This repository serves as an ongoing effort to create a systems and computational neuroscience course. I hope to develop a two-semester course for USTC biophysics students. The first semester will cover some basic materials, and the second semester will introduce more advanced topics for undergraduate and graduate students.
When: Thursday 9:45 am - 11:20 am, Fall 2024
Where: 东区第二教学楼2402
Teacher: 温泉 qwen@ustc.edu.cn
Teaching Fellow: 冼奇琪 xianqiqi@mail.ustc.edu.cn 程玉锟 cyk_phy@mail.ustc.edu.cn 李懿轩 yixuanli@mail.ustc.edu.cn
Recommended Textbooks:
- Theoretical Neuroscience: Computational and Mathematical Modeling the Neural System
- Principles of Neural Design
For a general reader:
Course Performance Evaluation:
- Homework: 70%
- Final: 30% (take-home exam)
Prerequisite:
- High school knowledge of biology and neuroscience
- Proficient in Python/MATLAB/Julia
- Working knowledge of Multivariate Calculus, Probability Theory, Linear Algebra, and Differential Equations
The emergence of intelligence and behavior from the complex interactions within the brain remains one of the most significant and unsolved mysteries in modern science. This is an exciting era. In the last decade, we have witnessed rapid advancements in experimental tools that now enable us to monitor and manipulate brain circuits with unprecedented precision. However, it is also a perplexing time. Neuroscientists are navigating the intricate landscapes of brain structures and dynamics. Mathematical theory has become crucial for integrating seemingly unrelated evidence, providing new insights, guiding new experiments, and identifying concepts and principles of brain function.

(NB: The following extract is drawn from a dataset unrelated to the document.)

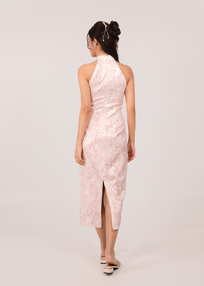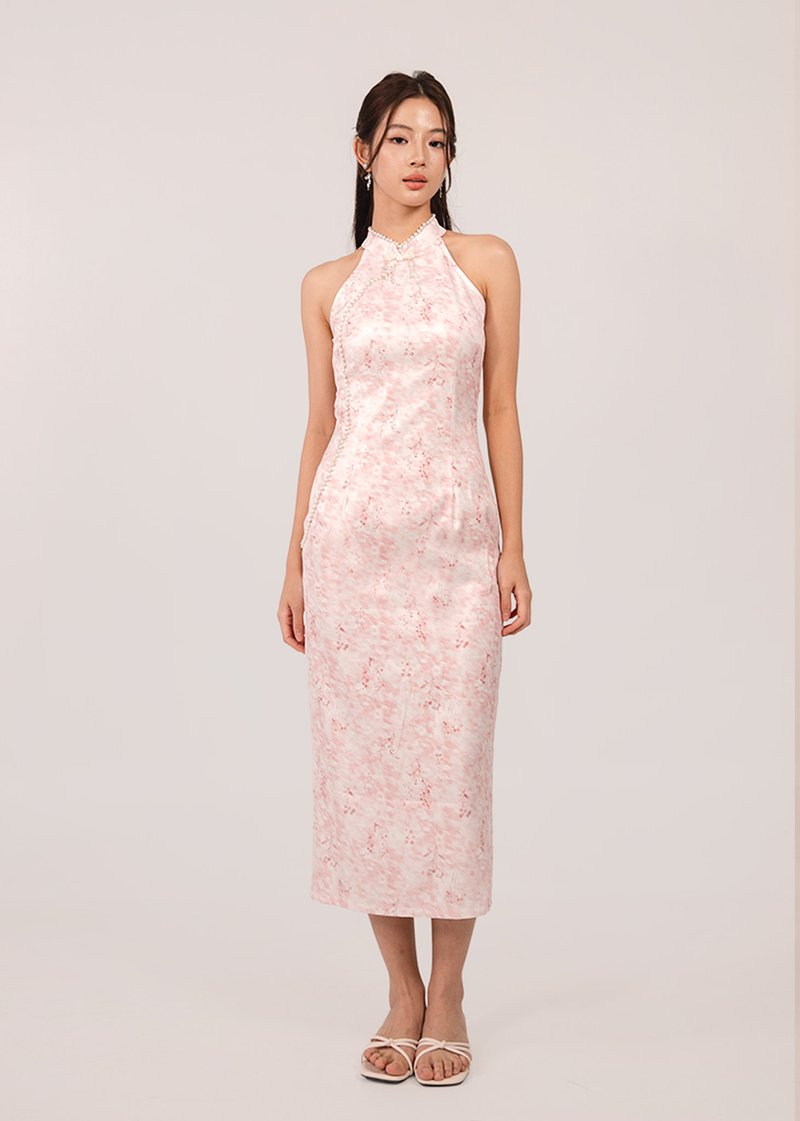 祥 (Xiáng–Harmony) Pearls Qipao Midi Dress in Whisper Pink
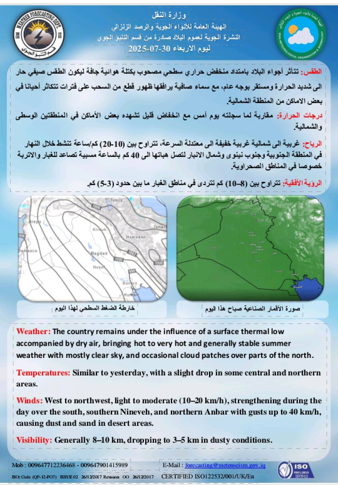 وقال بيان للهيئة العامة للانواء الجوية والرصد الزلزالي قسم التنبؤ الجوي اليوم الاربعاء 30 تموز 2025، أن "غداً الخميس سيكون الطقس صحواً، ويكون غائماً جزئياً في الأقسام الشرقية من المنطقة الشمالية مع تصاعد الغبار في المنطقتين الوسطى والشمالية، ودرجات الحرارة تنخفض قليلاً في المنطقتين الوسطى والجنوبية ومقاربة في المنطقة الشمالية، الرؤية الأفقية (8-10)كم وفي الغبار (3-5)كم".

In this course, we will explore how physics, engineering, and mathematics have shaped our understanding of the brain. In particular, we will investigate the relationship between structure, dynamics, representation, and behavior. Special topics may include wiring optimization in neural circuit, attractor and chaotic dynamics in neural network, sensory and motor representation, biological learning rules, Hopfield network, and hierarchical control of behaviors. We will also discuss connections with modern machine learning methods. I will strive to balance breadth and depth, highlighting the challenges we face in developing quantitative theories or models of the mind.